I hope this will do the trick.
-
Well I tried manually setting the port speeds to 100 full-duplex in pfsense and on the SMC switch and got the same watchdog timeouts. I'm going to try a net gear switch i've got laying around and see if that does anything. I'll post back the results of that.
-
Hello, would it be possible to snap some pictures of the inside of the x700? Id like to see the layout of the board, clearance, and such. Thanks.
Nevermind, I found a high res picture on another site.
-
Anyway, if anyone else is interested in these watchguards, the X500, X700, X1000, and X2500 are all the same hardware, they just have different licenses to allow higher throughput.
It looks like the mini pci slot could be used for a wifi card, so you could choose if you wanted a vpn card or wifi card in that slot. Granted, both have to be recognized by pfsense.
-
Well I tried manually setting the port speeds to 100 full-duplex in pfsense and on the SMC switch and got the same watchdog timeouts. I'm going to try a net gear switch i've got laying around and see if that does anything. I'll post back the results of that.
any updates on that SMC switch on the watchdog timeouts ? I'm looking to buy a managed switch that works with these watchguards without the timeouts, preferably as cheap as I can get away with.
there are reports in this thread that some cisco switches had the errors, but someone else said theirs don't on cisco switches (what models?)
also netgear has been reported with the problems, but not a higher end model which got rid of the errors (which higher end model?)
my d-link causes them.. hp procurve has been mentioned as error free but not sure which models (any managed procurve switch?)looking for something I can find under $200 on ebay preferably.. what about a dell 2716 'webmanaged' switch those are cheap but support vlan, link aggregation, port mirroring..

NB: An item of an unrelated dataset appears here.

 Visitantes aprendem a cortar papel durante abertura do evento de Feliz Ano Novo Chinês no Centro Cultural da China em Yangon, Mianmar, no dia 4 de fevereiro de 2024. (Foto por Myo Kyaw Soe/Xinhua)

and back to a different subject, the VPN accelerator card. anyone tried 1.3 ALPHA ALPHA pfense on their watchguard boxes ? I would but mine is in production use at the moment. maybe since its freebsd 7 it might add support for the vpn card in these watchguards?
-
The watchguard seems to have a bunch of Realtec NICs onboard.
That's where I'd expect the troubles to start…The DeLL 5224 or 5324 switches basically are rebranded SMCs.

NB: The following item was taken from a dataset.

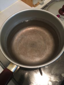 - 用具を用意して、お湯を沸かす(50℃くらい:鍋のまわりに小さな泡が出始めたらOK)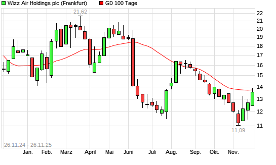 Mit dem Anstieg auf 13,90 EUR hat die Wizz Air Holdings-Aktie am 25.11.2025 die 100-Tage-Linie nach oben gekreuzt.

They can be found on eBay regularly if you don't mind the additional ports. -
there are reports in this thread that some cisco switches had the errors, but someone else said theirs don't on cisco switches (what models?)
also netgear has been reported with the problems, but not a higher end model which got rid of the errors (which higher end model?)
my d-link causes them.. hp procurve has been mentioned as error free but not sure which models (any managed procurve switch?)Im using a couple Netgear GSM712's I bought off ebay. Ive tested my watchguard v60 and x700's and no timeout problems. Also I used them thru my cisco 3548xl with no problems. I do have Dell 5324's at work . which is were these firewall are headed in the end but I havent had a chance to test them on the dells.